Factor 4 has significant loading of Co and Ba, and dissociation of these 2 elements from any other elements indicates its mixed origin like non-aluminous silicate minerals where both metals are not associated with Al oxides in the sediments of Sibuti Formation (Nagarajan et al. 2019, 2017a). In addition, carbonate (calcite, dolomite, and magnesite) or Fe oxide minerals such as goethite and pyrite might be a source as well (Dehaine et al. 2021). These minerals are abundant in shale and pyrite concretion of Sibuti and Setap formations. Factor 5 has a higher loading of Cd with high negative loading of Mn. This might be due to the variation in the origin of both metals, where Cd is a major input from agricultural fields and Mn presence is mainly from geogenic sources in the study area. Moderate loading of turbidity in this component indicates the desorption of Mn hydroxide bound Cd in high turbid conditions.

Northeast monsoon (NEM)

Factor 1 has higher loading of Cu, Zn, Al, and Cd and high negative loading of Ba, turbidity, and pH. The chalcophile elements (Cu, Cd, and Zn) are derived from pyrite and shale concretion, and distribution is mainly controlled by clay minerals and phyllosilicates such as illite and kaolinite (Nagarajan et al. 2017a). The higher loading of Cd might be due to the absorption of Cd onto the clay minerals in the lower part of the estuary (Hao et al. 2020, Jiann and Ho 2014; Namiesnik and Rabajczyk 2010) (Fig. 6b). On the other hand, negative loading of Ba, turbidity, and pH indicate absorption. The association of Ba with clay minerals is well observed in arkoses in Sibuti and Lambir formations (Nagarajan et al. 2015, 2017a) which supports the association of Ba with clay minerals or Al-oxyhydroxides controlled factor in SS (factor 1: Sect. 4.3.2.2) and indicates settlement of such in the lower part of the estuary (Fig. 6d). The presence of Ba in Sibuti and Tukau Formations validates the leaching of this metal with chalcophile metals like Cu, Zn, and Cd. In addition, leached Ba in aquatic environments commonly precipitates as BaSO4 or BaCO3, where BaSO4 is mainly associated with seawater introduction because of higher SO4 content (Gad 2014) and respiration of organic matter, which is associated with acidic water (Marchitto 2013). The observed organic matter respiration in the water column (factor 6: Sect. 4.3.1.2) also validates the observation. Hence, formation of both precipitates are supported by absorption process in suspended solids and sedimentation with the help of Al-oxyhydroxides (Gad 2014).

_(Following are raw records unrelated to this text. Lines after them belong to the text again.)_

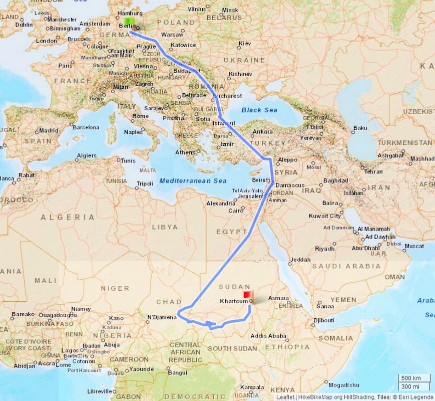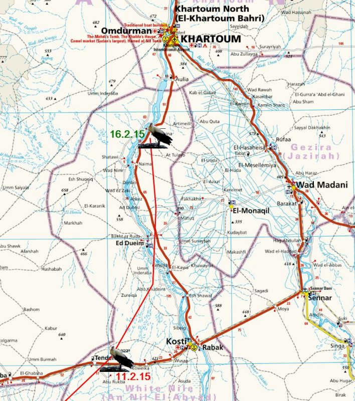 Bis zum 7. Februar durchstreifte Albert den Süden vom Sudan noch wenig zielgerichtet, wobei er sich schon ein wenig nach Osten orientierte. Erst am 8. Februar war eine andere Richtung zu erkennen. Mit 60 km am 8.2. und dann 120 km am 9.2. zog er erstmals wieder geradliniger, ohne große Umwege. Auch am 10. und 11. Februar waren es jeweils um die 100 km Richtung Osten. Dann jedoch schwieg sein Sender wie bereits erwähnt bis zum 15.2., sodass wir die folgenden Tage keine Positionen erhielten. Die nächste Positionsmeldung seines Senders, die dieser übermittelt, war vom 15.2. gegen Mittag und kam schon vom weißen Nil. Diesen hatte Albert bereits überflogen, wand sich nach Norden und folgt nun dem östlichen Ufer vom Nil. Aktuell war Albert gegen Mittag des 16.2. nahe EL-Geteiner, einer kleinen Stadt am Nil, nur noch 85 km von Khartum entfernt.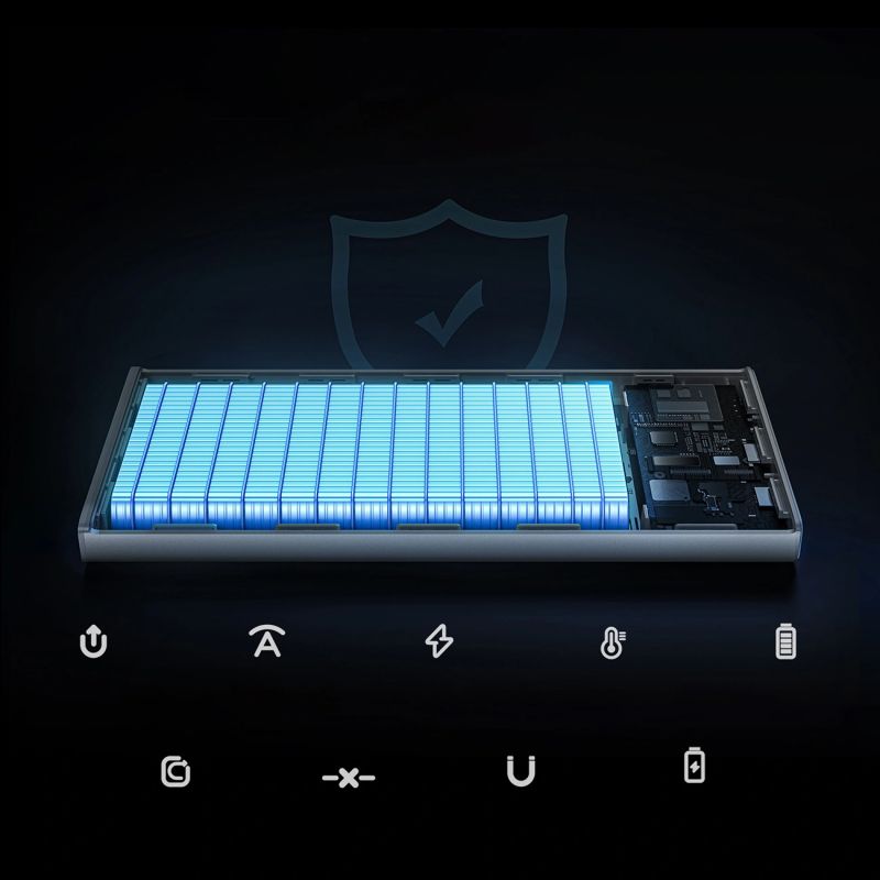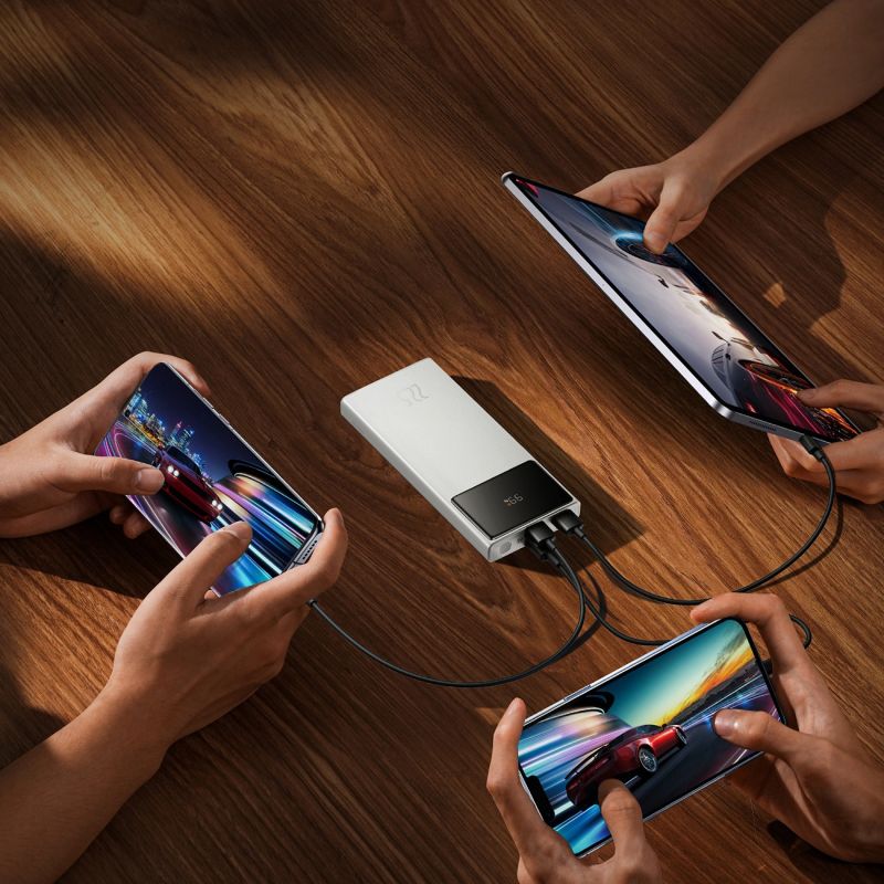 Thanks to three output ports, the powerbank allows you to power several devices simultaneously, which is useful when traveling and during an intense workday.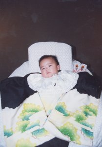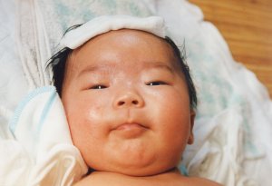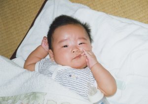 とても3ヶ月の子供の顔には 見えませんね、この写真。 (パパにうりふたつです) 湿疹は良くなりましたが、あせもが…。 |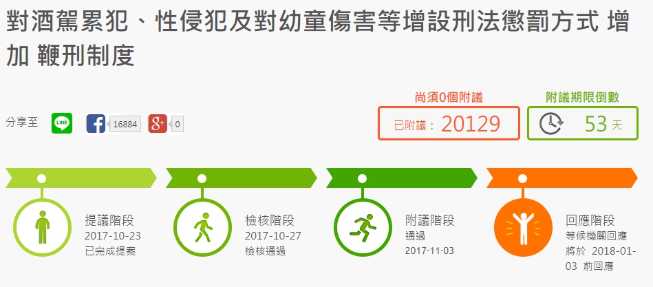 鞭刑制度」,此項提案目前已超過2萬人附議,
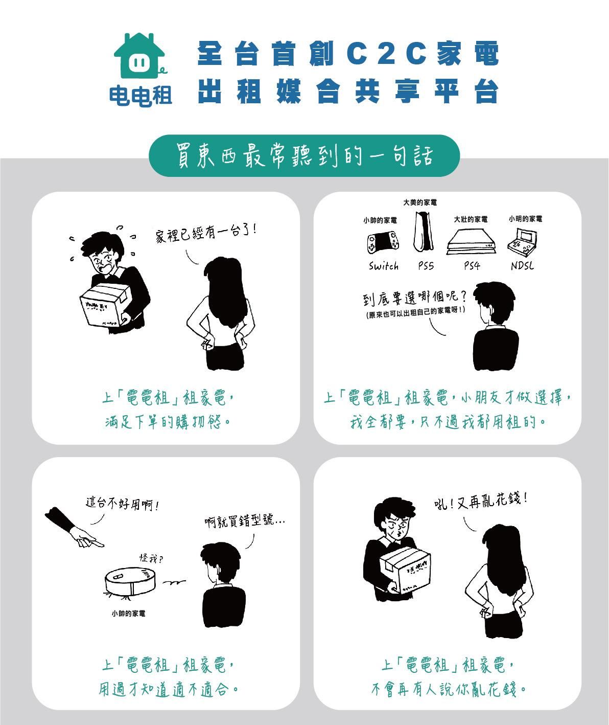 『電電租—全台首創C2C家電出租媒合共享平台』 提倡大眾「少用的家電 以租代買•常用的家電 試用後買」 全民都可以上架自己家中的閒置家電到平台上出租共享給需要的人,而需要的人能先用小錢體驗家電,以免買錯浪費。透過電電租平台線上預約租賃家電到線下進行租用體驗,結合在地社區據點推動家電出租,活化閒置資源,延長家電使用壽命,減少資源浪費,傳達物資需被充分愛惜與利用的價值,重建人們愛物惜物的簡約日常,持續創造循環經濟的永續生活風格。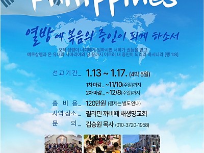 필리핀 부흥성회 :2024년 2월 26일~3월 1일 필리핀 마닐라 새생명 교회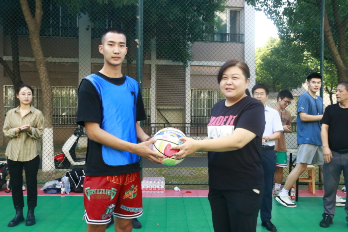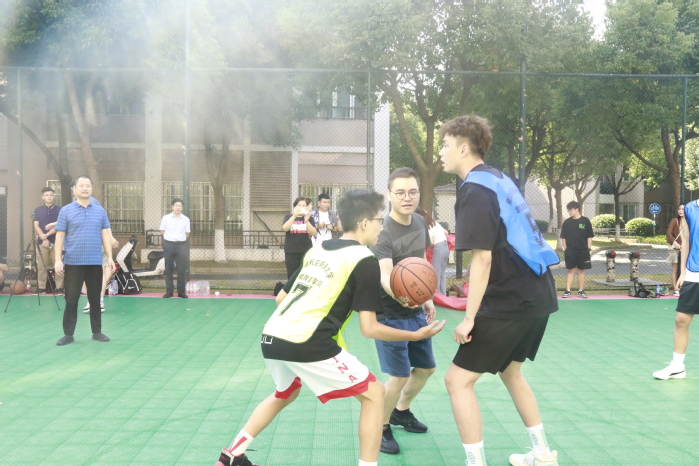 随着裁判员一记哨声,比赛正式开始。邓国伟老师为运动员代表开球,运动员迎“篮”而上,你争我夺、你攻我守,丝毫不放过每一次进攻机会。赛场上,大家相互竞争,拼技术、比体力,精彩的抢断、默契的传球、精准的投篮,比赛精彩纷呈,让观战的啦啦队热血沸腾,连胜高呼“好球”“漂亮”;赛场下,大家相互学习,切磋球技。既为我们呈现了一场场精彩激烈的比赛,同时也赛出了风格,赛出了水平,赛出了友谊。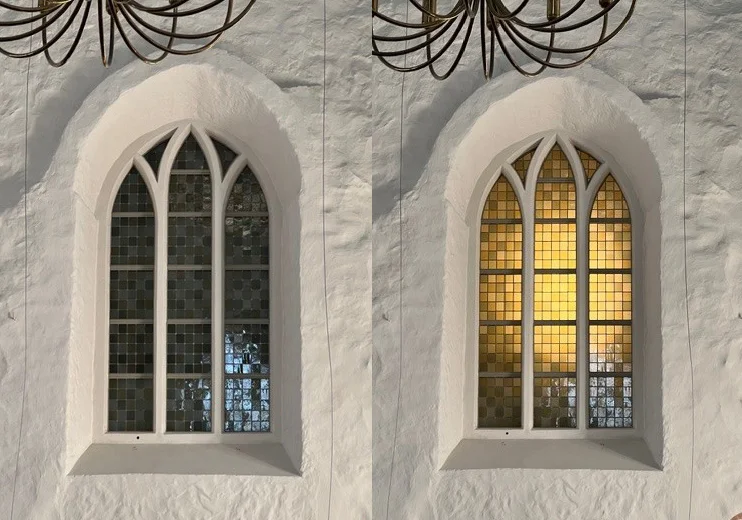 Sysmän kirkko on jo itsessään upea paikka työskennellä, mutta remontissa tilaan lisättiin vielä enemmän näyttävyyttä. Alttarin yläpuolella olevassa ikkunassa on kaunis lasimaalaus, joka oli jäänyt 1830-luvulla sakastin rakentamisen jälkeen pimentoon. Remontissa sakastin ullakolle ikkunan taakse vietiin säädettävää lisävalaistusta, joka heijastuu ullakolle asetetuista levyistä ja saa maalauksen jälleen hehkumaan koko loistossaan.

Moreover, comparing the conditions during NEM, low SO42− concentration is observed in the upper part where the upper part has high SO42− content in the estuary and the turbidity of water has peaked in both ends while decreasing in the intermediate zone. In the case of pH, higher pH is observed in the upper part whereas relatively acidic conditions prevailed in the lower part. To sum up the factor with the above discussion, BaCO3 precipitation is evident in the upperpart and BaSO4 precipitation in the lower part under high turbidity conditions mainly controlled by absorption and sedimentation of suspended solids in the estuary. Factor 3 has high positive loading of Cr and high negative loading of Se. This kind of loading of these metals indicates the variation of origin for both metals where Cr is a ferromagnesian metal mainly derived from chromite present in the Sibuti Formation (Nagarajan et al. 2017a), while Se is a chalcophile metal mainly associated with lignite, peat soils, pyrites, and/or other heavy minerals (Yudovich and Ketris 2006) in the source region. Factor 4 has higher loading of Fe and Mn observed during NEM which might be due to the formation of Fe and Mn hydroxides and co-precipitation under well-oxygenated conditions (Fig. 6d) observed during this season (Duinker et al. 1979; Wollast et al. 1979). The higher negative loading of Co and high positive loading of TSS in factor 5, and lesser representation of metals may be attributed to the adsorption by the shale concretions in Sibuti and Lambir formations under tropical conditions (Nagarajan et al. 2017a, 2015). These oxidized metals are mainly transported in dissolved form or particulate form in river systems, where both phases pose a tendency to form metal humic complexes (Tessier et al. 1984). In addition, Co is particle reactive, and 90% of Co absorption by clay minerals is common in open river streams resembling the study area, whereas desorption up to 40–70% is observed through the introduction of seawater (Anandkumar et al. 2022). Considering these observations, this association indicates the desorption of Co from suspended solids due to prevailing hydrological conditions like the flow velocity of currents, and action by waves and tides, causing the breakdown of humic complexes with the introduction of seawater in the estuary.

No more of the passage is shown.